San Francisco Mayor London Breed has declared a state of emergency amid the coronavirus outbreak and its rapid spread.
On Tuesday, Breed emphasized that the move was precautionary, as there have been no confirmed cases in San Francisco but that “the global picture is changing rapidly, and we need to step-up preparedness,” she said in a press conference.
“We see the virus spreading in new parts of the world every day, and we are taking the necessary steps to protect San Franciscans from harm,” Breed said.
The mayor added that by declaring the local emergency, it would help the city mobilize city resources and personnel to create an efficient emergency response should the coronavirus come to the city.
“By declaring a state of emergency we are prioritizing the safety of our communities by being prepared,” Breed said. “Our number one goal is the health and safety of all our residents.”
She also emphasized that the city was not discouraging public gatherings at this time and discussed the impact of the virus on San Francisco’s Chinese community.
“We should continue to support the neighborhoods we love, like Chinatown,” Breed said. “It’s an amazing neighborhood and we will continue to be very supportive.”
The Director of the Department of Health, Doctor Grant Colfax, also spoke at the press conference, backing up Breed’s decision to declare the state of emergency.
“Given the high volume of travel between San Francisco and mainland China and the spread of the virus to other countries, there is a growing likelihood that we will see cases in San Francisco,” he said.
San Francisco’s declaration comes just one day after health officials with the Centers for Disease Control warned Americans to begin preparing for the likelihood that coronavirus will spread in the U.S.
“It’s not so much of a question of if this will happen in this country anymore but a question of when this will happen,” Dr. Nancy Messonnier, director of the National Center for Immunization and Respiratory Diseases at the CDC said during a press briefing on Tuesday.
Messonnier said that Americans “need to prepare for a significant disruption” to their lives and plan for possible school closures, find out about teleworking options and if their health care providers offer telemedicine options.
“We are asking the American public to prepare in the expectation that this could be bad,” she said.
As of Wednesday, the U.S. has 53 confirmed cases of coronavirus.
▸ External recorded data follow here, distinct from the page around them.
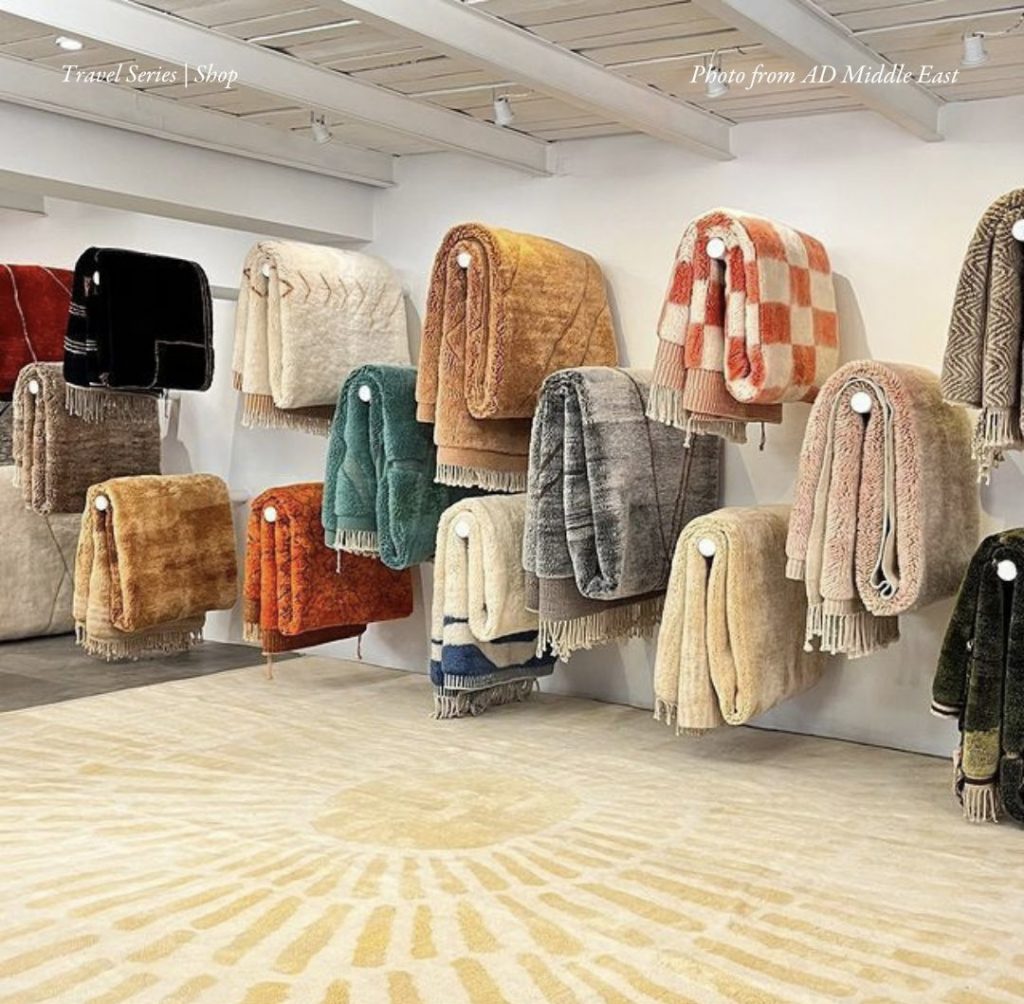 Sana Benzaitar, daughter of a famous rug dealer from Marrakesh, designs rugs in her minimalist showroom in Gueliz and collaborates with clients for custom commissions.
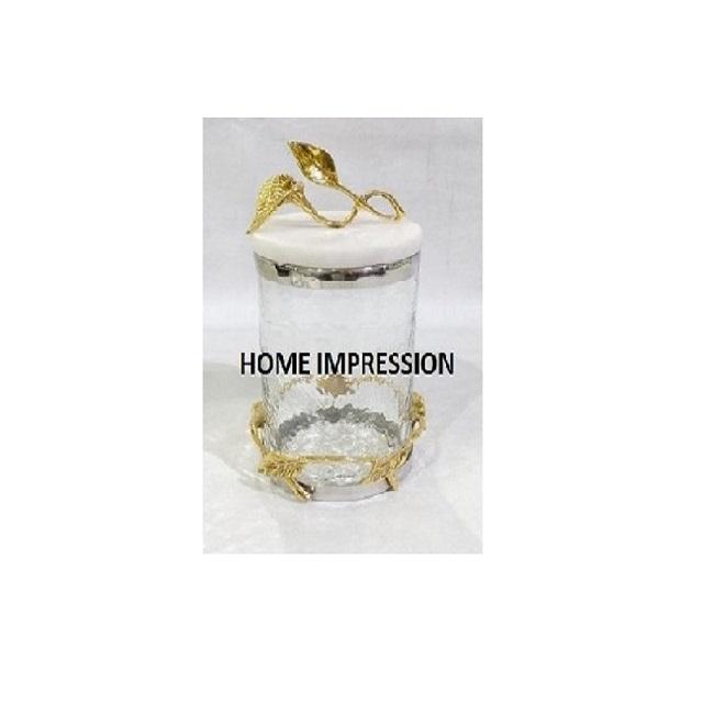 Boîte de conserve de luxe en métal et verre avec plateau fantaisie argenté de service bouteille de stockage pour ustensiles de cuisine design moderne de table fait à la main
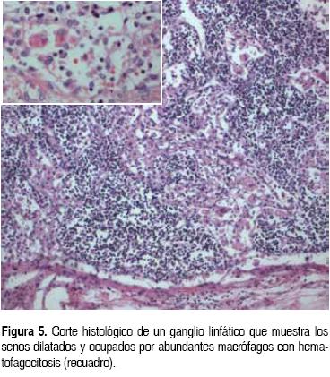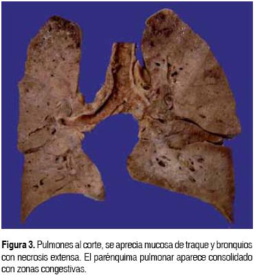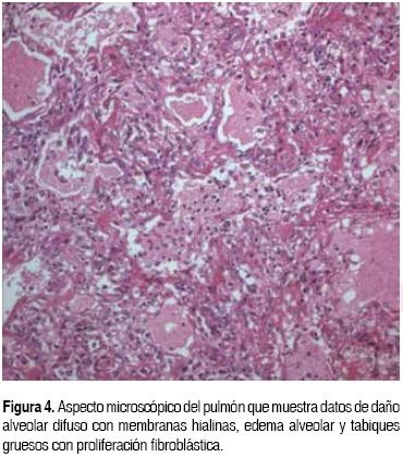 Dr. Guillermo Ramón García (Médico adscrito Departamento de Patología). Al momento de la autopsia, el paciente aún presentaba lesiones dérmicas en la cara como son el eritema facial alrededor de las mejillas y alrededor de los ojos. Se tomó un fragmento de piel que muestra en la dermis, alrededor de los vasos, leve infiltrado inflamatorio linfohistiocitario perivascular (Figura 1). Se tomaron también músculos en diversos sitios que mostraron fibras atróficas, pequeñas, anguladas, situadas a la periferia de los fascículos. No se encontró inflamación o necrosis en ninguno de los músculos muestreados (Figura 2). La combinación de la lesión inflamatoria en dermis con la atrofia perifascicular en los músculos apoyan el diagnóstico de dermatomiositis.5 Como se puede desprender del análisis de la historia clínica, las complicaciones más importantes en este paciente estuvieron en el aparato respiratorio. En esta imagen se muestran los pulmones al corte, cuya mucosa de tráquea y bronquios presenta necrosis extensa. Los ganglios peritraqueales y peribronquiales están aumentados de tamaño (Figura 3). Los pulmones tienen aspecto sólido en múltiples áreas alternando con zonas hemorrágicas. Se encontró neumotórax residual en el lado derecho. Microscópicamente se corrobora la necrosis extensa en toda la mucosa de las vías aéreas que se extiende a toda la pared. El parénquima pulmonar muestra alveolos ocupados por edema, fibrina, membranas hialinas que corresponden a daño alveolar difuso agudo, y zonas de necrosis e inflamación aguda múltiples que corresponden a áreas con neumonía de focos múltiples (Figura 4). Los ganglios linfáticos muestran hiperplasia de senos con numerosos histiocitos con hemofagocitosis (Figura 5). Esta hemofagocitosis también fue observada en la médula ósea, hígado y bazo. El hígado estaba congestivo, aumentado de peso y, microscópicamente, presentaba esteatosis difusa de gota gruesa. En el páncreas había esteatone-crosis y leve infiltrado inflamatorio. Los riñones estaban congestivos y aumentados de peso; microscópicamente se observó, en los túmulos, edema acentuado de su epitelio con cambios de degeneración hidrópica. En el encéfalo se encontró hemorragia subaracnoidea focal sobre los hemisferios a nivel de los lóbulos occipitales, acompañado de edema y congestión; al corte se aprecian pequeños infartos sobre la región occipital y frontal.
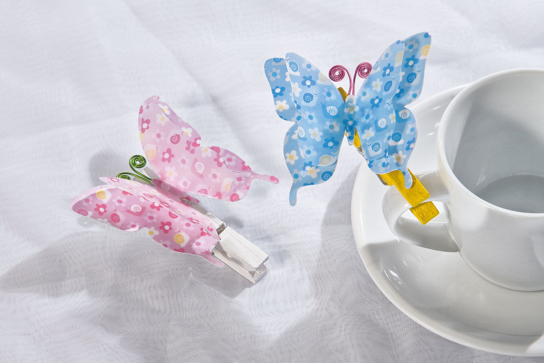 Te urocze motylki to ładna mała dekoracja, którą można wykonać bardzo szybko. Można ich użyć do udekorowania wielkanocnego krzewu, dodania odrobiny koloru do stolika kawowego, a nawet przymocować je do lekkiej, pachnącej zasłony dzięki praktycznemu drewnianemu klipsowi .
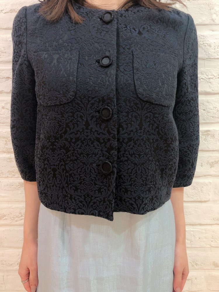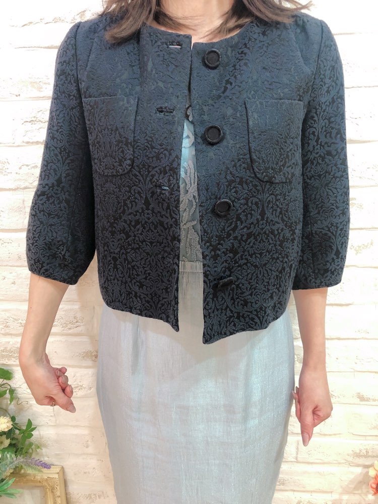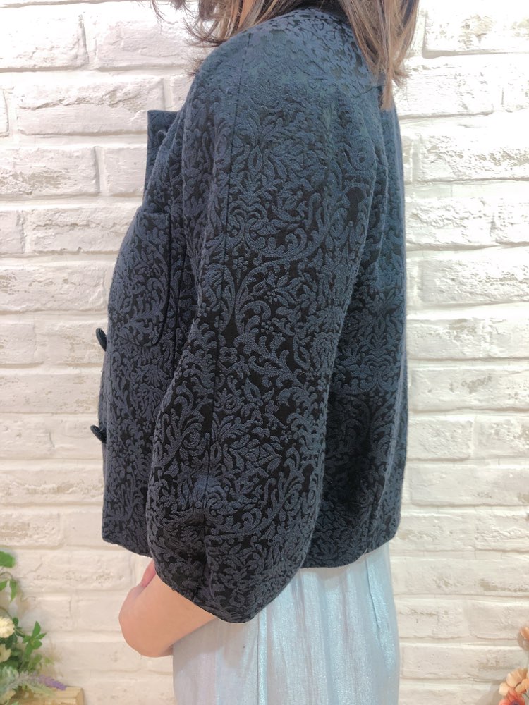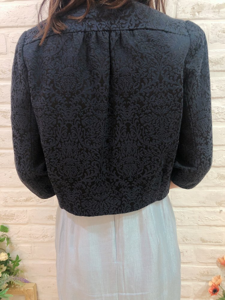 模様入りの黒色ボレロです。華やかな装いにもぴったりの一品。幅広いシーンやドレスにも相性抜群です。

Of those, 12 cases occurred in people who recently returned from trips to China before news of the outbreak spread — and two cases were from their close contacts.
The remaining 39 cases are in people who were brought back by the U.S. Department of State, either in one of the three chartered flights of Americans who had been living in China or from the Diamond Princess cruise ship that had been quarantined in Yokohama, Japan.
The total number of cases globally has reached 80,980, with nearly 3,000 deaths, according to The New York Times.